Reproduce, exactly and in full, the lines from the one with "Testimonials van Timo" through the one with "Attack on Titan" in the data below; drop pictures.

### The input

- Opening Delimiter -

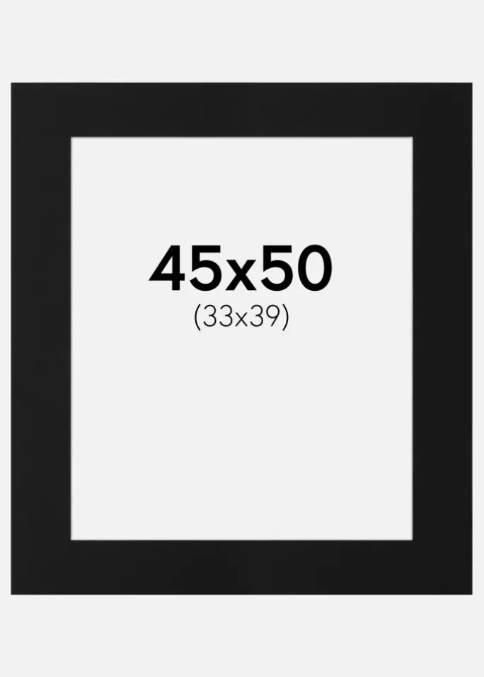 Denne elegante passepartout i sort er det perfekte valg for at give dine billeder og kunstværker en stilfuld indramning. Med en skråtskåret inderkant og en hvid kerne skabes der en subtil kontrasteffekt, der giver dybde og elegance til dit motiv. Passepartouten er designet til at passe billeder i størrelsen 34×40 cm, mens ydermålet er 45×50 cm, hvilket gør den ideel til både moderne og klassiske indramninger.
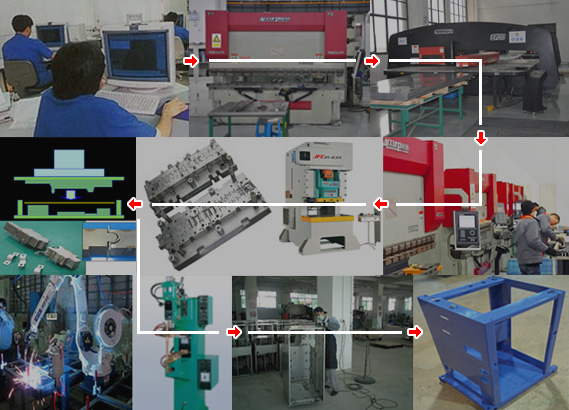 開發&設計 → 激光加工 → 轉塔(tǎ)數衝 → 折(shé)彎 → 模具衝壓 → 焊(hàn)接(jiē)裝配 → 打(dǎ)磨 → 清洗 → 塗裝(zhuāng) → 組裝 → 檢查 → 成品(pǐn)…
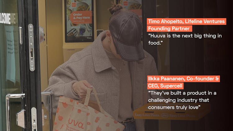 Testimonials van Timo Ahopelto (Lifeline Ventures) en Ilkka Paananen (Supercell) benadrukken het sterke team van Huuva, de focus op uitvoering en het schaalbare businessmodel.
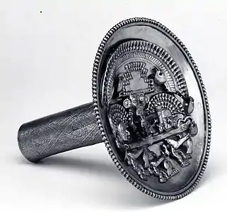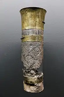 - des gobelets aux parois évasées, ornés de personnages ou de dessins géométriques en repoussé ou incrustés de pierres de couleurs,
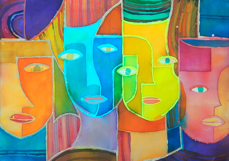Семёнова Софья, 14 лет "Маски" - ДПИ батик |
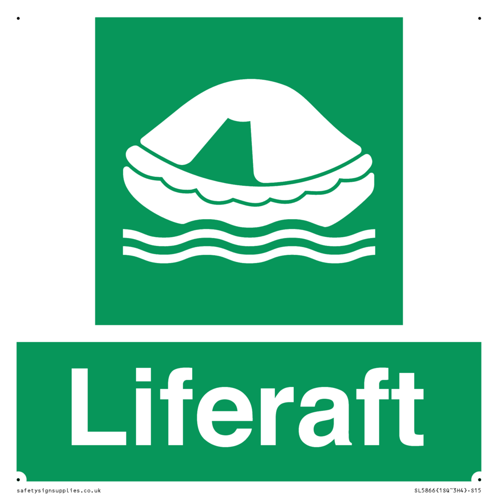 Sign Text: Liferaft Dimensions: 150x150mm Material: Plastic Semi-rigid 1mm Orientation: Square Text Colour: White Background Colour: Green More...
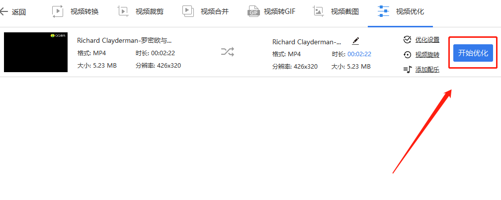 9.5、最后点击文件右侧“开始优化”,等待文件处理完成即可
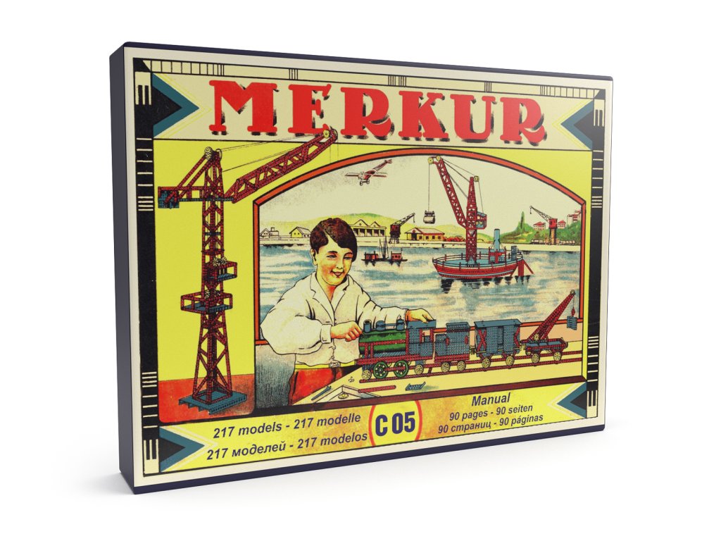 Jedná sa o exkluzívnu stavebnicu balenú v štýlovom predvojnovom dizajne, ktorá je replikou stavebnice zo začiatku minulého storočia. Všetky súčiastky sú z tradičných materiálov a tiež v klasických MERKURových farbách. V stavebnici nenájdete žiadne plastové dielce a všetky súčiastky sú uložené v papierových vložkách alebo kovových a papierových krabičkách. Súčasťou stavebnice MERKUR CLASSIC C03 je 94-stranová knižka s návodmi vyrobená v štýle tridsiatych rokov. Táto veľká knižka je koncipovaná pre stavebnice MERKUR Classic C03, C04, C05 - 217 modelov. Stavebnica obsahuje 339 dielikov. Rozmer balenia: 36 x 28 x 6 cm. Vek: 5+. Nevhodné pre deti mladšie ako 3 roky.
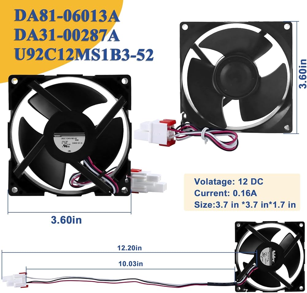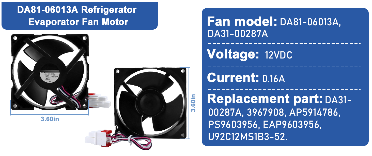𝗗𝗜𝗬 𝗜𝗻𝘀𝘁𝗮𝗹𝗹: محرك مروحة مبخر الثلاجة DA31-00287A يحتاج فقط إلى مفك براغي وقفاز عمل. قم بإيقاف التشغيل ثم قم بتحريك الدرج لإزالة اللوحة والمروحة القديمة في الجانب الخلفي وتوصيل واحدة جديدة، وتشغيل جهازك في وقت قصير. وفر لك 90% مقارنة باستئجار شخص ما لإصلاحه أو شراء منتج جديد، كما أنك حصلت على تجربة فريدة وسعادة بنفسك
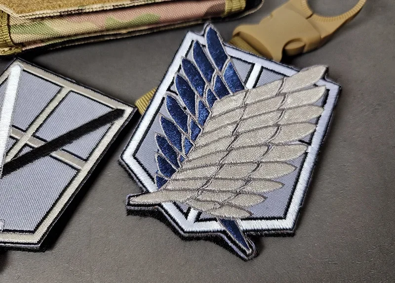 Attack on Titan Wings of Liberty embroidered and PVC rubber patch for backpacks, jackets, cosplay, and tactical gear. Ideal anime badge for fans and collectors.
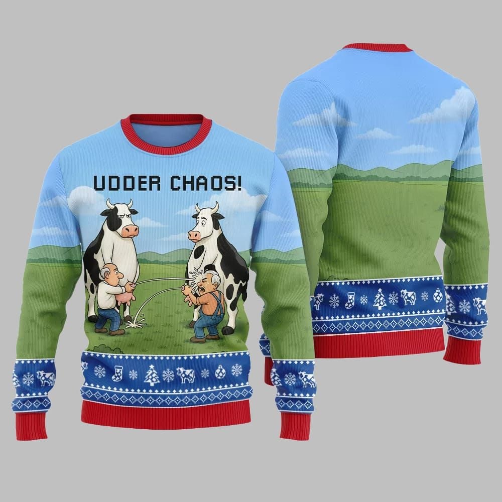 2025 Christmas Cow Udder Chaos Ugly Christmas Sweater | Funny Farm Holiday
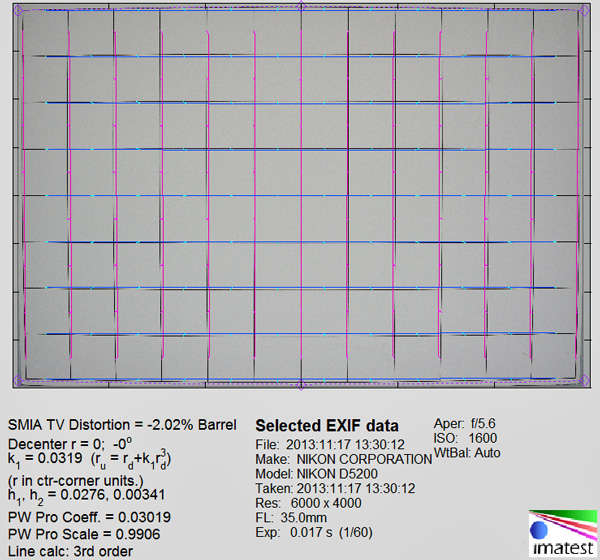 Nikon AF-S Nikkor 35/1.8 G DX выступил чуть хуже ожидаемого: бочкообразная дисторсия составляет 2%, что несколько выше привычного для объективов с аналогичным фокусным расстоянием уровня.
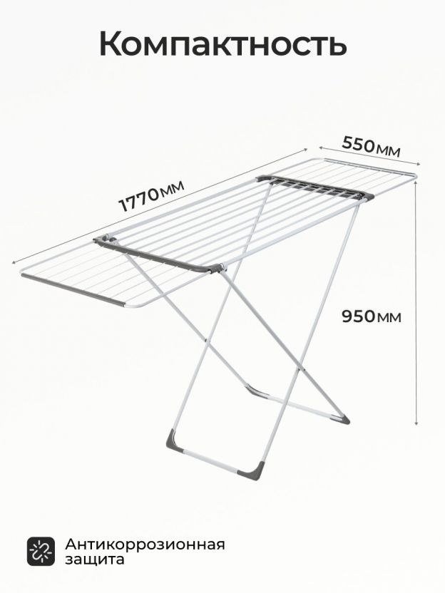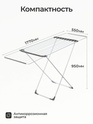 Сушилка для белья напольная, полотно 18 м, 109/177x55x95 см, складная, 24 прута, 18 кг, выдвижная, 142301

- Closing Delimiter -
- Opening Delimiter -

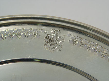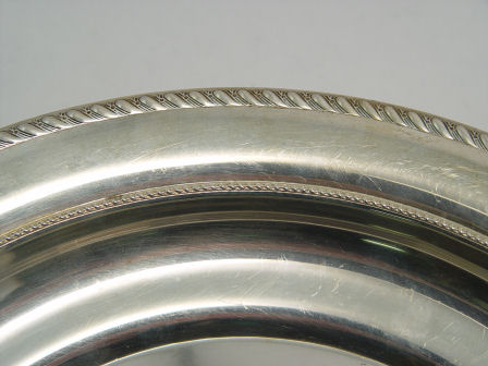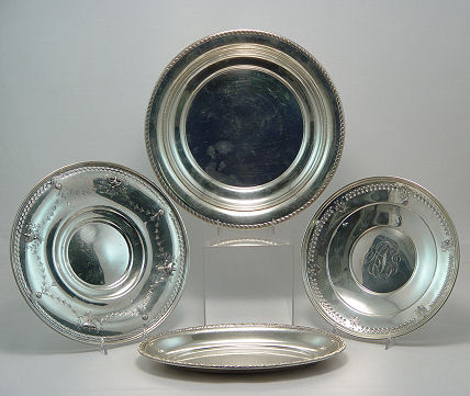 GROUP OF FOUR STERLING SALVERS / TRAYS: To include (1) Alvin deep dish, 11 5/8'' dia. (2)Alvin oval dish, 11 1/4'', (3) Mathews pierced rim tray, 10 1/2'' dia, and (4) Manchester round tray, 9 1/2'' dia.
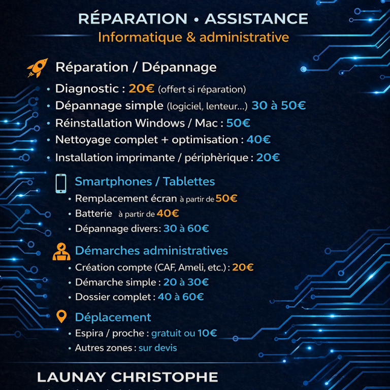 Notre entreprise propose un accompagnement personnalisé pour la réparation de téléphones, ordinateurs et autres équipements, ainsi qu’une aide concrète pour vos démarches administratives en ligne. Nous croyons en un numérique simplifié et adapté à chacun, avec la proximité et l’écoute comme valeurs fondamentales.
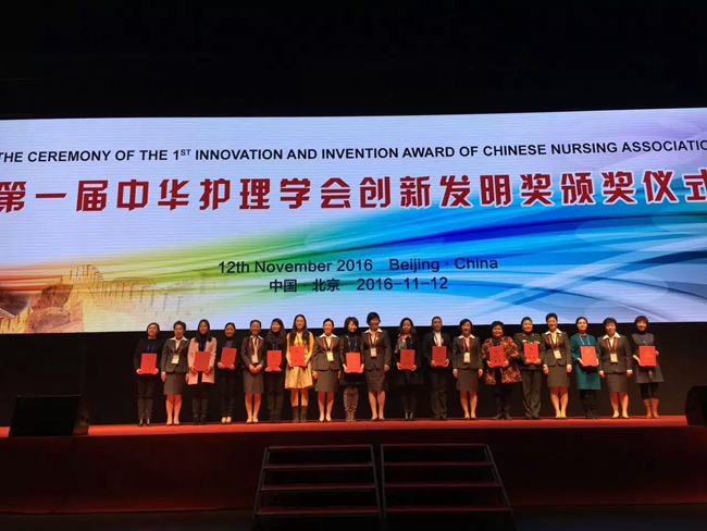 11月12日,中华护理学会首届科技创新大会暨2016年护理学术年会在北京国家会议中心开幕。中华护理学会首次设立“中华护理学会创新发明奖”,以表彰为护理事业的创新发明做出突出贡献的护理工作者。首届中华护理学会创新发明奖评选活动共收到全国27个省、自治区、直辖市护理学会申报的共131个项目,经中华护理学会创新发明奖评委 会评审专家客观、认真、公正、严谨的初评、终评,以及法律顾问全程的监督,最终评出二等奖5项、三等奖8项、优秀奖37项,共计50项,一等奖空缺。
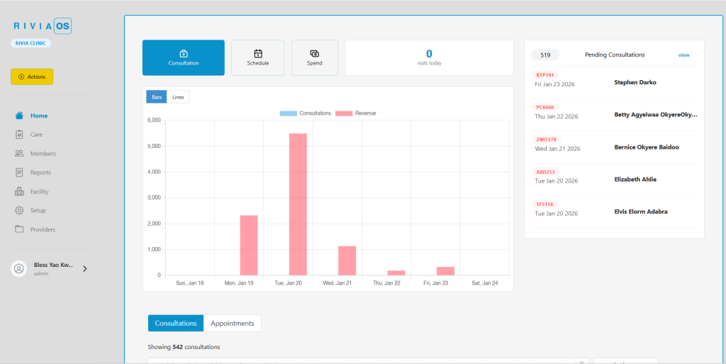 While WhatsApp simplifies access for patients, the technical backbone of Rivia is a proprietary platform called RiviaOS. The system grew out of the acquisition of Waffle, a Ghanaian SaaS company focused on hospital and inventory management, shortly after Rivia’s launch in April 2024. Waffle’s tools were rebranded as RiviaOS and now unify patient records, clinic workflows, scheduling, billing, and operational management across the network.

- Closing Delimiter -
- Opening Delimiter -

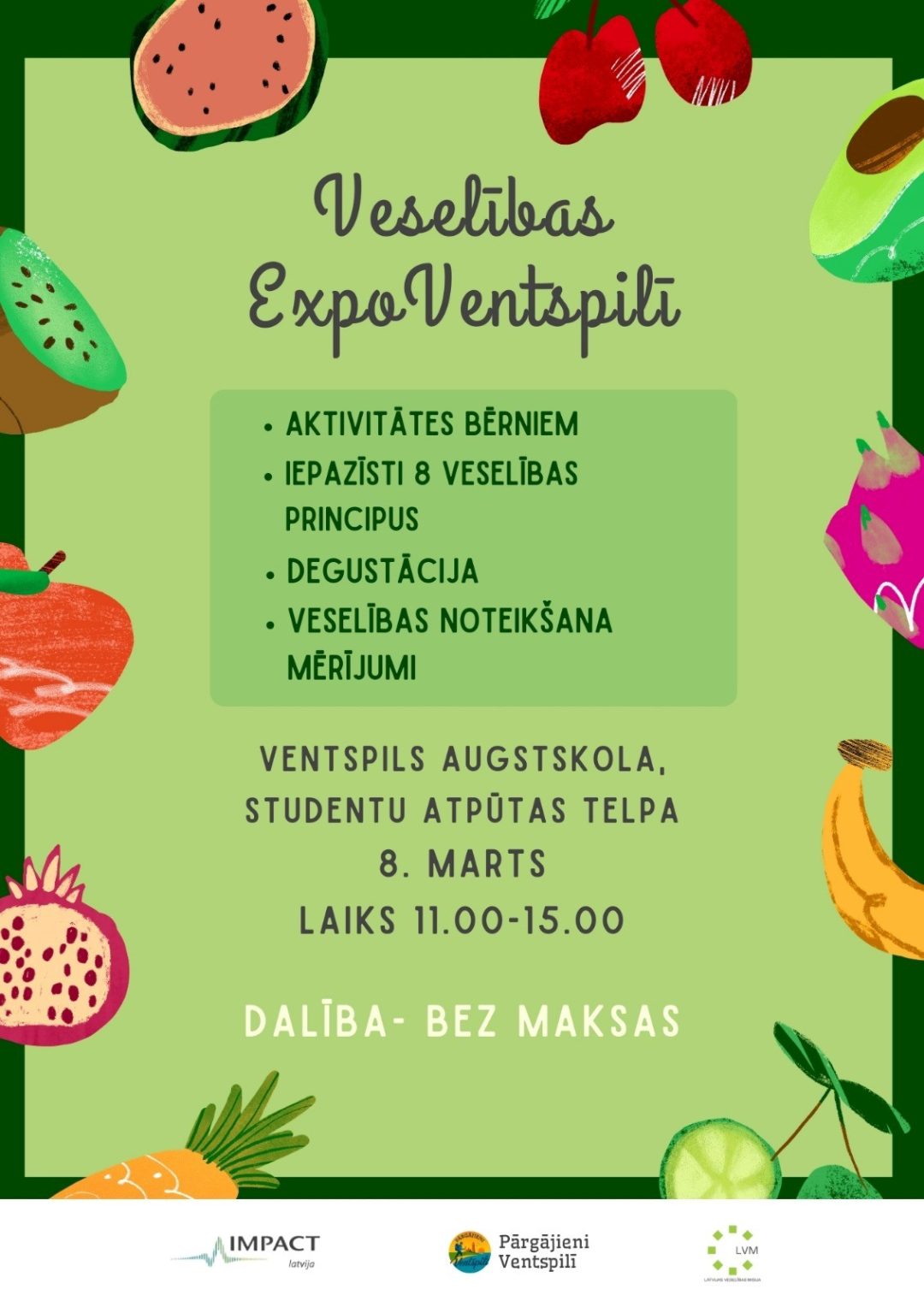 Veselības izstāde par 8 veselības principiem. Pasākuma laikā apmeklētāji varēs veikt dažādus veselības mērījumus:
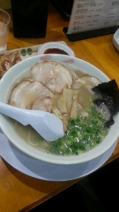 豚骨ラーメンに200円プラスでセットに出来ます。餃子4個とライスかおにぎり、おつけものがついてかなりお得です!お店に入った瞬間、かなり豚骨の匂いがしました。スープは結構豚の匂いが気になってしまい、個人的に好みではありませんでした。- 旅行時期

- Closing Delimiter -

### Written solution
 Testimonials van Timo Ahopelto (Lifeline Ventures) en Ilkka Paananen (Supercell) benadrukken het sterke team van Huuva, de focus op uitvoering en het schaalbare businessmodel.
 - des gobelets aux parois évasées, ornés de personnages ou de dessins géométriques en repoussé ou incrustés de pierres de couleurs,
Семёнова Софья, 14 лет "Маски" - ДПИ батик |
 Sign Text: Liferaft Dimensions: 150x150mm Material: Plastic Semi-rigid 1mm Orientation: Square Text Colour: White Background Colour: Green More...
 9.5、最后点击文件右侧“开始优化”,等待文件处理完成即可
 Jedná sa o exkluzívnu stavebnicu balenú v štýlovom predvojnovom dizajne, ktorá je replikou stavebnice zo začiatku minulého storočia. Všetky súčiastky sú z tradičných materiálov a tiež v klasických MERKURových farbách. V stavebnici nenájdete žiadne plastové dielce a všetky súčiastky sú uložené v papierových vložkách alebo kovových a papierových krabičkách. Súčasťou stavebnice MERKUR CLASSIC C03 je 94-stranová knižka s návodmi vyrobená v štýle tridsiatych rokov. Táto veľká knižka je koncipovaná pre stavebnice MERKUR Classic C03, C04, C05 - 217 modelov. Stavebnica obsahuje 339 dielikov. Rozmer balenia: 36 x 28 x 6 cm. Vek: 5+. Nevhodné pre deti mladšie ako 3 roky.
𝗗𝗜𝗬 𝗜𝗻𝘀𝘁𝗮𝗹𝗹: محرك مروحة مبخر الثلاجة DA31-00287A يحتاج فقط إلى مفك براغي وقفاز عمل. قم بإيقاف التشغيل ثم قم بتحريك الدرج لإزالة اللوحة والمروحة القديمة في الجانب الخلفي وتوصيل واحدة جديدة، وتشغيل جهازك في وقت قصير. وفر لك 90% مقارنة باستئجار شخص ما لإصلاحه أو شراء منتج جديد، كما أنك حصلت على تجربة فريدة وسعادة بنفسك
 Attack on Titan Wings of Liberty embroidered and PVC rubber patch for backpacks, jackets, cosplay, and tactical gear. Ideal anime badge for fans and collectors.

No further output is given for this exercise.